First cut /mow asap once things dry out from all the rain.


----------



## g-man (Jun 15, 2017)

An incredible amount of work. Good job.

Are you going to treat the fungus? It looks like PB, but it could be DS.


----------



## TheWestminsterClub (Sep 17, 2019)

g-man said:


> An incredible amount of work. Good job.
> 
> Are you going to treat the fungus? It looks like PB, but it could be DS.


Thanks g-man. Thank you and others for the value you bring to this site.

Yeah I treated it with Scott's but after reading the fungicide guide I should of probably used Bayer. But I think I'm going to invest in some fungicide this winter so I'm not running to the box store. Hopefully really formulate a game plan and budget so I'm not reactive.


----------



## Chris LI (Oct 26, 2018)

Nice transformation and documentation! I'll be following along on your journey. I think you had amazing success with a spring seeding.


----------



## Wiley (Dec 2, 2019)

Great pictures showing all of your progress and projects. Thanks for sharing!


----------



## TheWestminsterClub (Sep 17, 2019)

Chris LI said:


> Nice transformation and documentation! I'll be following along on your journey. I think you had amazing success with a spring seeding.
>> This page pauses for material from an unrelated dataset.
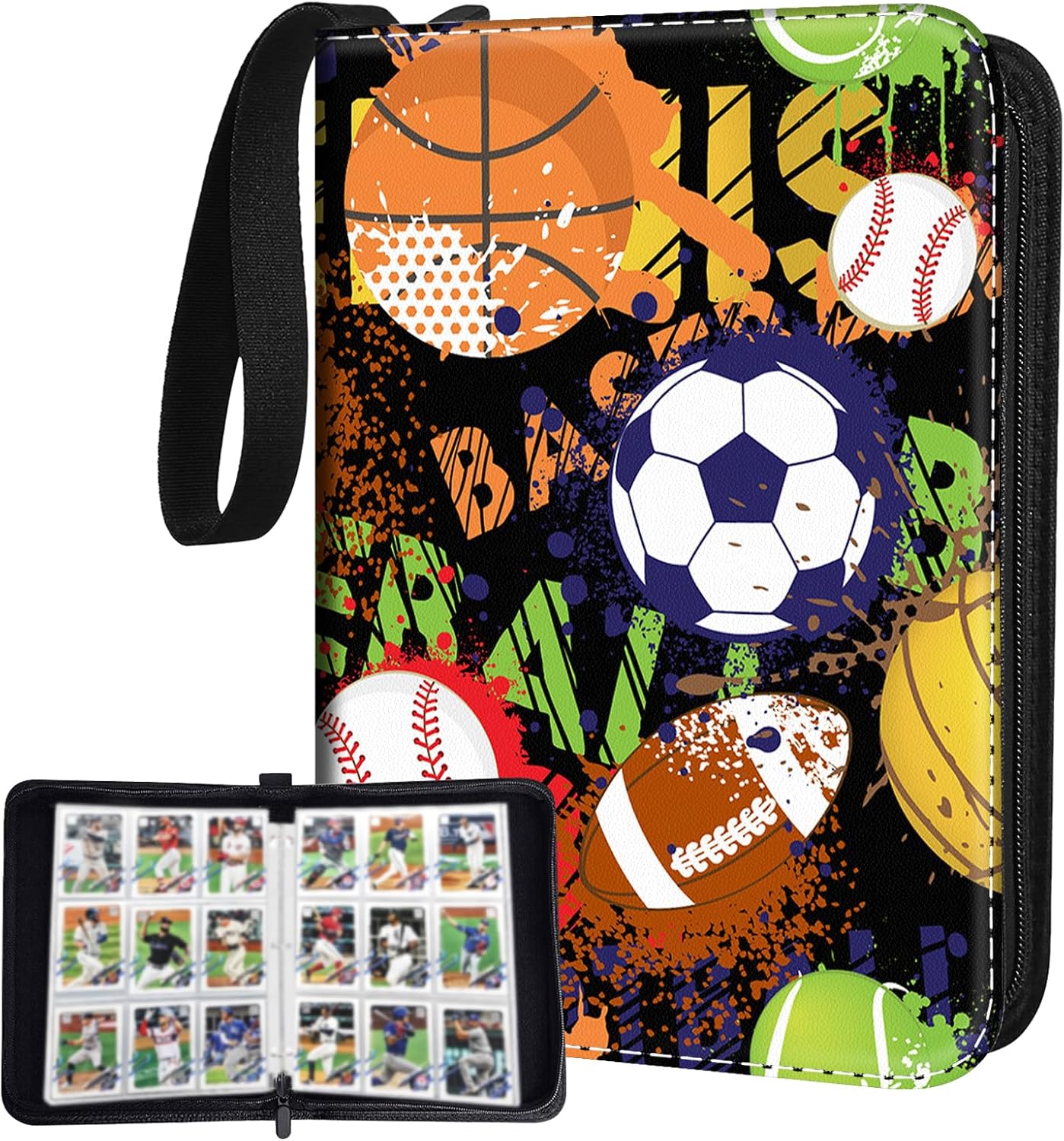 Note:Cards are not included in this product. 【Large Capacity】Our ball card binder is 4-pocket card binder with 60-page sleeve can hold 480 cards. Store and display your cards in this trading card binder to keep them organized; The sturdy 3 metal D-rings inside the card storage bag securely hold 60 removable 4-pocket sheets that can be easily added or removed when necessary

Thanks Chris. It was hard but happy I did it now because the boss lady wants some house projects now. It started out successful seeded at a pretty high rate about 8-10 lbs per 1k. But the weed pressure was intense with the crab grass came on strong so I'm treating it now during the my over seed with tenacity. In a perfect world I would have liked to wait until fall but the boss lady wouldn't of been happy with me using glyphosate again (pup and kids).



Wiley said:


> Great pictures showing all of your progress and projects. Thanks for sharing!


Wiley thanks!


----------